Records drawn from a dataset

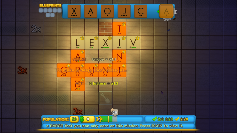 "Lexiv is 3 games in one. It’s Scrabble, first and foremost, even the quickest glance at the screenshots peppering this page will tell you that. Lexiv is also Sim City and Tower Defense, and rather than simply being a gimmick it actually pulls off being all 3 at once with a startling display of elegance. And this is from a guy who is quite possibly the worst scrabbler ever." -- XboxHornet
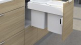 • Active Lid — Hidden from sight at the top of the bin inside the cabinet and drops down to close over the buckets when the bin is closed. The motion of the lid is synchronised with the opening and closing action of the bin, which lets you keep your hands free to simply drop waste into the bin.
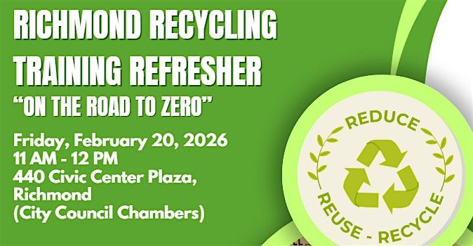Join the City of Richmond, CA and Republic Services to learn about properly sorting waste, state and local laws, and exploring available recycling resources. This informative session is open to all ages and is a great opportunity for City Staff and the Richmond Community to enhance their recycling and sustainability knowledge. In-person attendees will receive FREE Zero Waste gear and food!
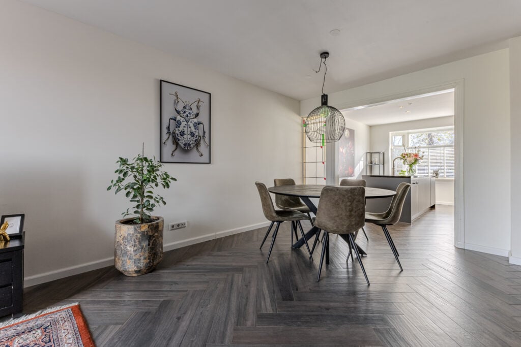 – Ruime woonkamer met visgraatvloer en vloerverwarming;
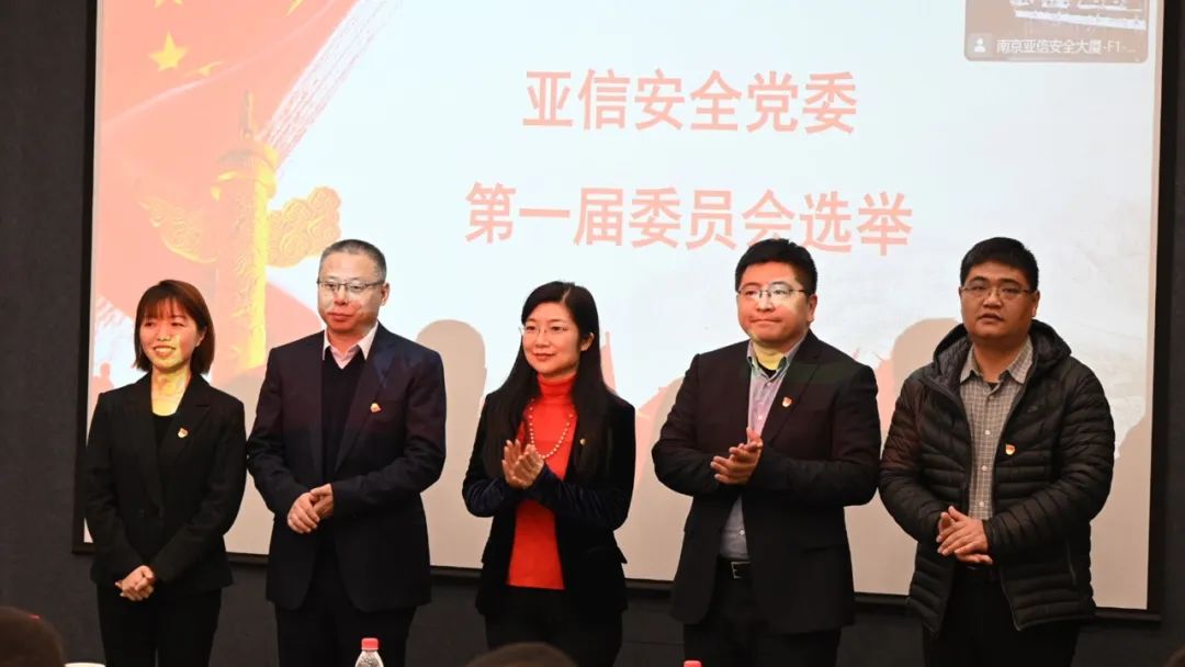 2023年2月9日,中共亚信安全科技股份有限公司委员会成立暨选举大会在南京召开,本次会议是亚信安全党组织从党总支升格为党委的重要里程碑时刻。会议选举出亚信安全党委第一届委员会委员,刘东红同志当选亚信安全党委书记,李伦文同志当选亚信安全党委副书记。中国(南京)软件谷党政办公室主任、软件产业党委书记翟高峰,亚信安全董事长何政出席会议。
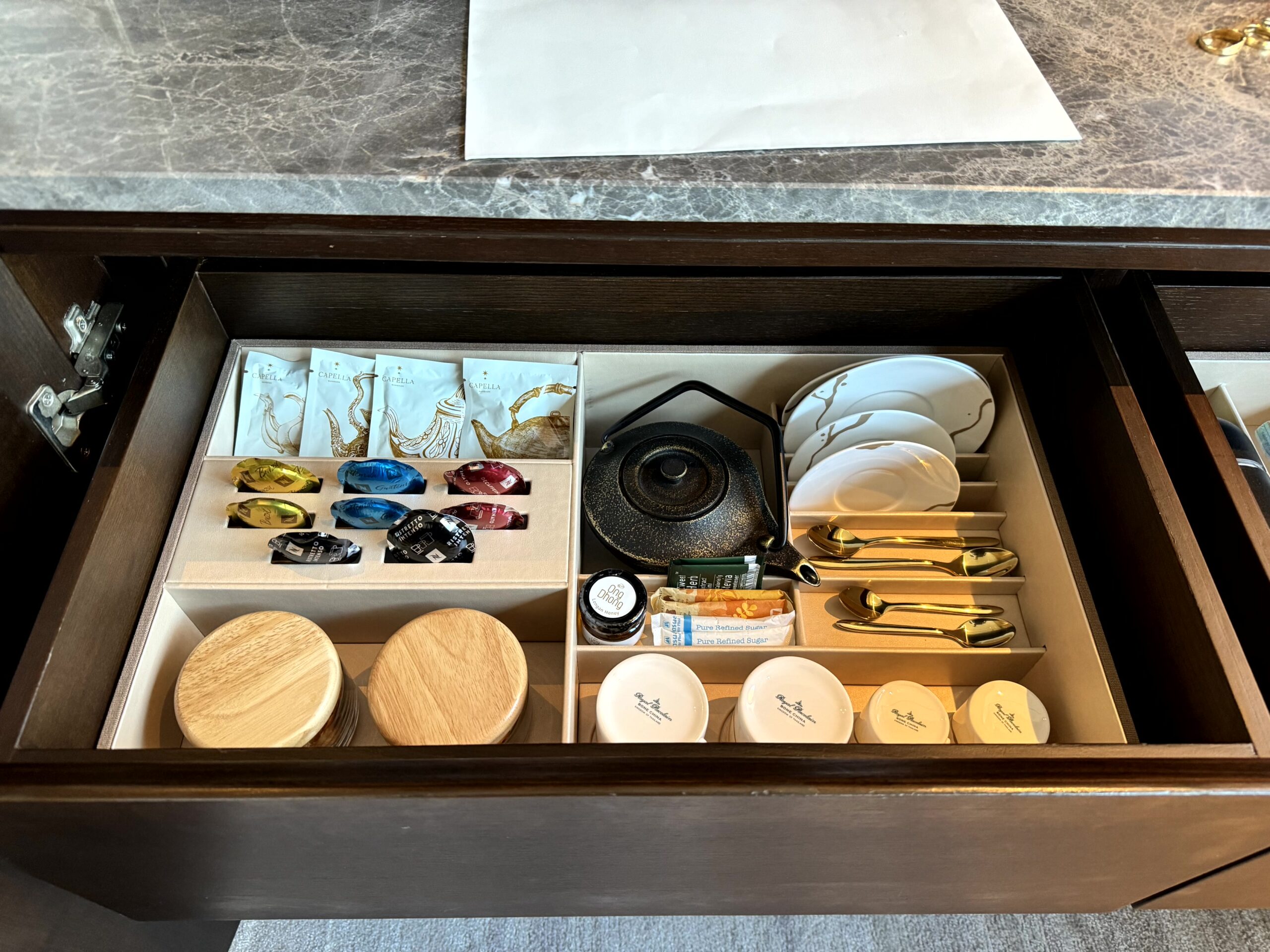 With a smart design, Capella has managed to eek a lot of functionality out of the combined lounge and bedroom. At it’s centre and looking towards the river is the large king-sized bed with plump duvet and cushions, with the obligatory menu of options. The latter could be ordered on the in-room service tablet – as well as on the hotel phone if preferred. Other services can also be requested through the device including in-room dining.
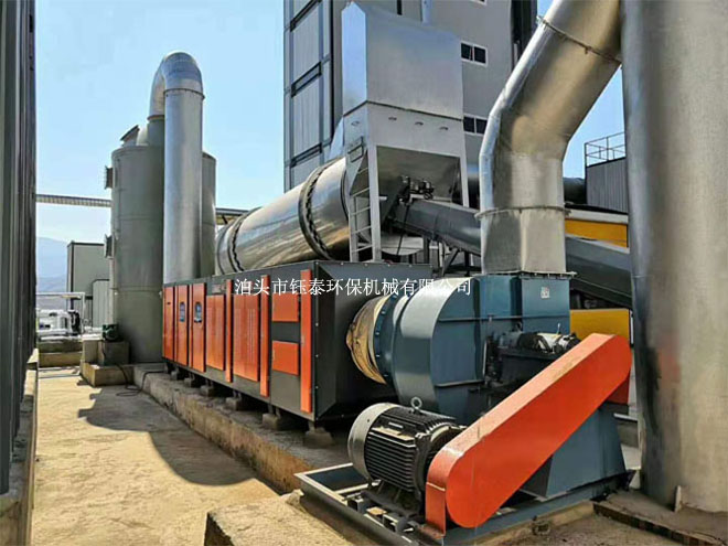 放料口瀝青煙回收處理,瀝青煙回收后采用二次燃燒處理

» How to complete this task
All entries, top to bottom, should be retyped exactly; the pictures should not be.

» Finished task
 "Lexiv is 3 games in one. It’s Scrabble, first and foremost, even the quickest glance at the screenshots peppering this page will tell you that. Lexiv is also Sim City and Tower Defense, and rather than simply being a gimmick it actually pulls off being all 3 at once with a startling display of elegance. And this is from a guy who is quite possibly the worst scrabbler ever." -- XboxHornet
 • Active Lid — Hidden from sight at the top of the bin inside the cabinet and drops down to close over the buckets when the bin is closed. The motion of the lid is synchronised with the opening and closing action of the bin, which lets you keep your hands free to simply drop waste into the bin.
Join the City of Richmond, CA and Republic Services to learn about properly sorting waste, state and local laws, and exploring available recycling resources. This informative session is open to all ages and is a great opportunity for City Staff and the Richmond Community to enhance their recycling and sustainability knowledge. In-person attendees will receive FREE Zero Waste gear and food!
 – Ruime woonkamer met visgraatvloer en vloerverwarming;
 2023年2月9日,中共亚信安全科技股份有限公司委员会成立暨选举大会在南京召开,本次会议是亚信安全党组织从党总支升格为党委的重要里程碑时刻。会议选举出亚信安全党委第一届委员会委员,刘东红同志当选亚信安全党委书记,李伦文同志当选亚信安全党委副书记。中国(南京)软件谷党政办公室主任、软件产业党委书记翟高峰,亚信安全董事长何政出席会议。
 With a smart design, Capella has managed to eek a lot of functionality out of the combined lounge and bedroom. At it’s centre and looking towards the river is the large king-sized bed with plump duvet and cushions, with the obligatory menu of options. The latter could be ordered on the in-room service tablet – as well as on the hotel phone if preferred. Other services can also be requested through the device including in-room dining.
 放料口瀝青煙回收處理,瀝青煙回收后采用二次燃燒處理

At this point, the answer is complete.